Regretfully, anything that moves faster than God intended it to can and does cause accidents and even death, reducing our speed in most situations will by default reduce our chances of accidents and death. 

There in lies the potentially fatal contradiction that we all face everyday, we all want to drive and enjoy our cars on the road but at the same time we don't want to get caught speeding or God forbid injure or kill anyone.

I don't see the problem with anyone wanting to avoid being caught exceeding the speed limit, as the speed limit itself bares no direct correlation to the numbers of accidents and deaths on the road (cue the speed camera debate) 

As I see it they are two separate issues, I still think that we need a speed limit or every idiot will be driving dangerously fast, but I also think that we should be able to enjoy our cars responsibly, at speed on the road, Alas, I know that opinion will shared by a minority.


----------



## *MAGIC* (Oct 21, 2009)

MrGT said:


> you've gotta love the stupidity of english law lol
> you can buy it you can fit it but if you use it as intended we will have you lol
> 
> out of intrest how much fitted magic?
> ...


£349.99 fitted mate :thumbsup:


----------



## AndyE14 (Mar 22, 2010)

*MAGIC* said:


> £349.99 fitted mate :thumbsup:


Is that front and rear?


----------



## enshiu (Aug 20, 2010)

GTRSTAR said:


> Genius just Genius
> 
> 
> 
> ...


Regardless of anyone who is stupid in their head.
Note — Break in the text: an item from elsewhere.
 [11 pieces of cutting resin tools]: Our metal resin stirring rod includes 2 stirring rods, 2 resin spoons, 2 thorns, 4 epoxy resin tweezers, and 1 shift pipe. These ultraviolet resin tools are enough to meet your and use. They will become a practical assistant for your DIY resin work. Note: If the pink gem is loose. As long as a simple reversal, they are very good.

I never speed on open road only when it is allowed to do this e.g. Autobahn and safe distances.

btw, a speed jammer is not allowed on the continent if you get caught, car confisticated or removing the jammer at caught and confiscated + 100+ euros of fines.


----------



## *MAGIC* (Oct 21, 2009)

AndyE14 said:


> Is that front and rear?


Just front mate.


----------



## ATCO (Feb 2, 2003)

Possibly needs professional confirmation, however with the various upgrades to the database systems in support of automated number plate recognition (ANPR) the data retention and use capability has risen significantly by the authorities. 

Fixed camera locations (That's any camera including local authority ones in town centres and so on) can technically be used by the system if connected. As you know locations for cameras its easy for the system to calculate the average time (and speed) between two of them. Ticket anyone?
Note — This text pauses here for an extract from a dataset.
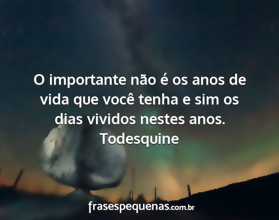 O importante não é os anos de vida que você tenha e sim os dias vividos nestes anos.

Now, you cannot of course jam a camera, only the sensor if it has one. Which usually is associated with a direct speed camera or the mobile van ones. As the authorities are aware of jammers the tactic where possible has been if the 'speed' reading appears to be corrupt whereas the original system would not 'record' the vehicle the new system automatically records the number plate and marks in the database EVEN IF YOU WERE NOT SPEEDING. It is accepted that 'rogue' readings can happen, so no action is taken for 'one' such recording. But if they get more than one it becomes suspicious and several is tantamount to admission of guilt. 

At which point they will come to the registered address, sieze the vehicle, find the jammer and charge the owner with perverting the course of justice, which is a serious criminal (note, not a road traffic) offence. This can and does carry a custodial sentence.

Some (most?) mainland Europe states will automatically confiscate your car if they know there is a jammer fitted, even if you are not using it. 

The Authority can and do utilise the improving technology, especially as there are lots of system Companies looking for their business with a business case demonstrating that the fines will pay for the system in next to no time!

DaveG


----------



## Chris956 (Apr 11, 2010)

ATCO said:


> Possibly needs professional confirmation, however with the various upgrades to the database systems in support of automated number plate recognition (ANPR) the data retention and use capability has risen significantly by the authorities.
> 
> Fixed camera locations (That's any camera including local authority ones in town centres and so on) can technically be used by the system if connected. As you know locations for cameras its easy for the system to calculate the average time (and speed) between two of them. Ticket anyone?
> 
> ...


Thats all very well but .... " Its a parking sensor officer " or " It opens my garage door officer "


----------



## ATCO (Feb 2, 2003)

Chris956 said:


> Thats all very well but .... " Its a parking sensor officer " or " It opens my garage door officer "


"Very good Sir. It will also open your cell door and allow you to park your rear for 12 months too." :flame:


----------



## Adamantium (Jun 24, 2002)

So back to my question, can you buy an effective laser front parking sensor that doesn't spoil the lines of the car?


----------



## Chris956 (Apr 11, 2010)

Adamantium said:


> So back to my question, can you buy an effective laser front parking sensor that doesn't spoil the lines of the car?


The answer is yes because the heads can be subtly hidden.


----------